§ **Materials provided**:
━━━━━━━━━━

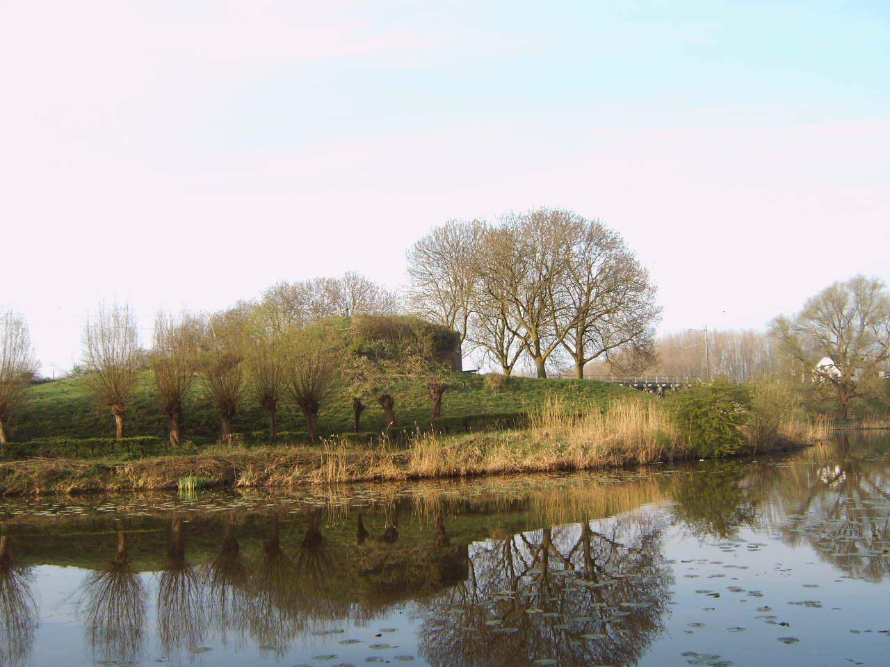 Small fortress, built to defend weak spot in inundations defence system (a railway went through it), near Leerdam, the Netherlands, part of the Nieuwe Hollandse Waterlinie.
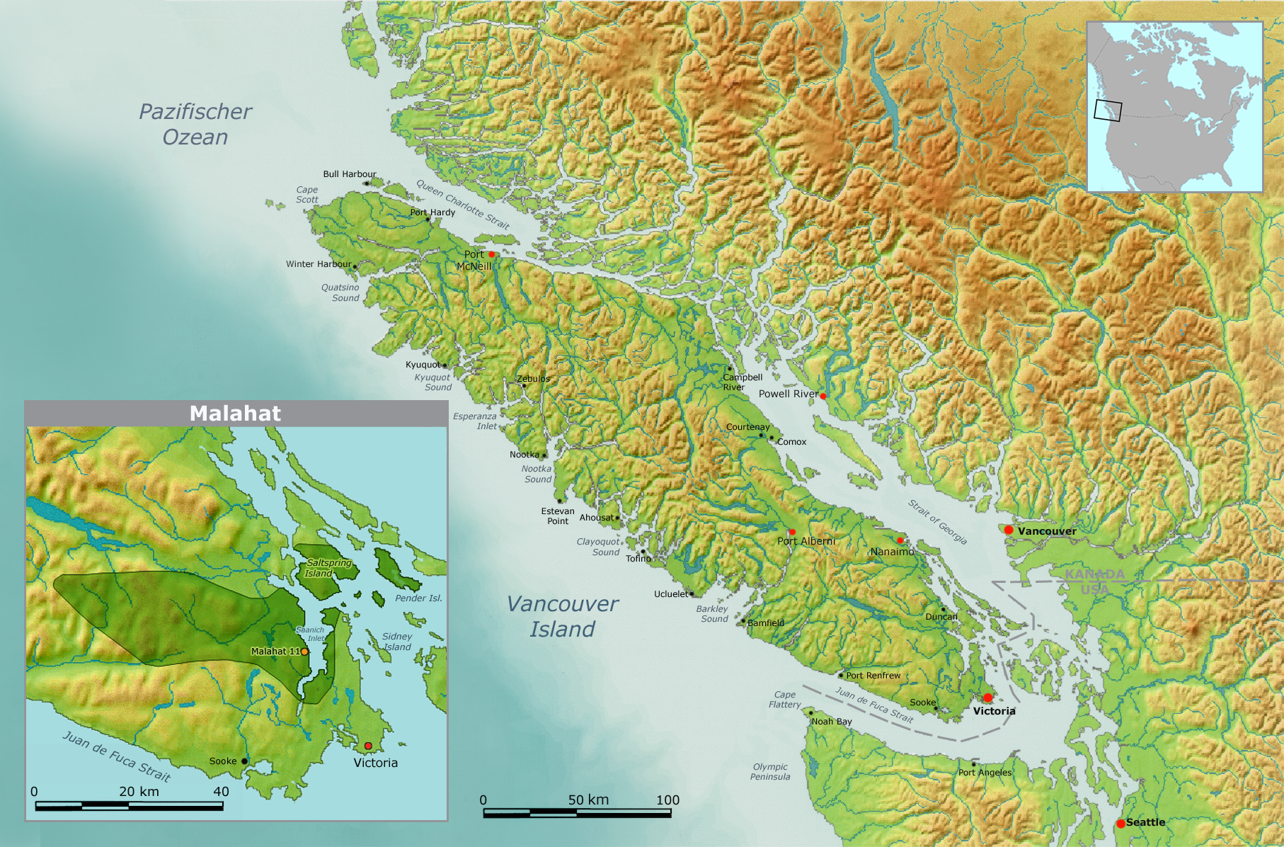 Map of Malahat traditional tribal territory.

━━━━━━━━━━

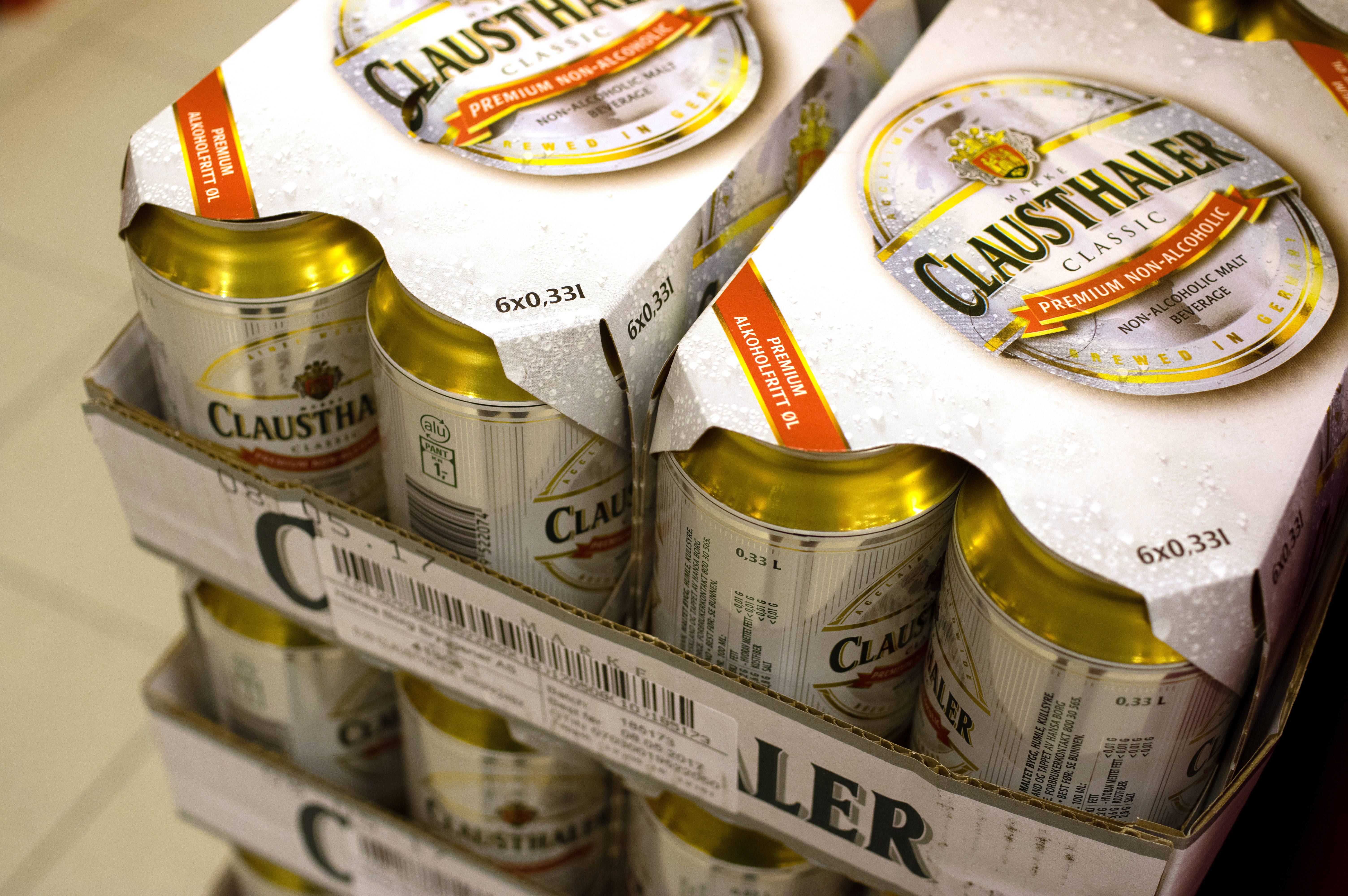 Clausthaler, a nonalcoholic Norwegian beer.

━━━━━━━━━━

§ **Work required**: Nothing outside the stretch above, from the line with "Small fortress, built" through the line with "Map of Malahat traditional tribal territory.", is set down. Transcribe that stretch exactly, ends included, but not its pictures.

§ **Task answer**:
 Small fortress, built to defend weak spot in inundations defence system (a railway went through it), near Leerdam, the Netherlands, part of the Nieuwe Hollandse Waterlinie.
 Map of Malahat traditional tribal territory.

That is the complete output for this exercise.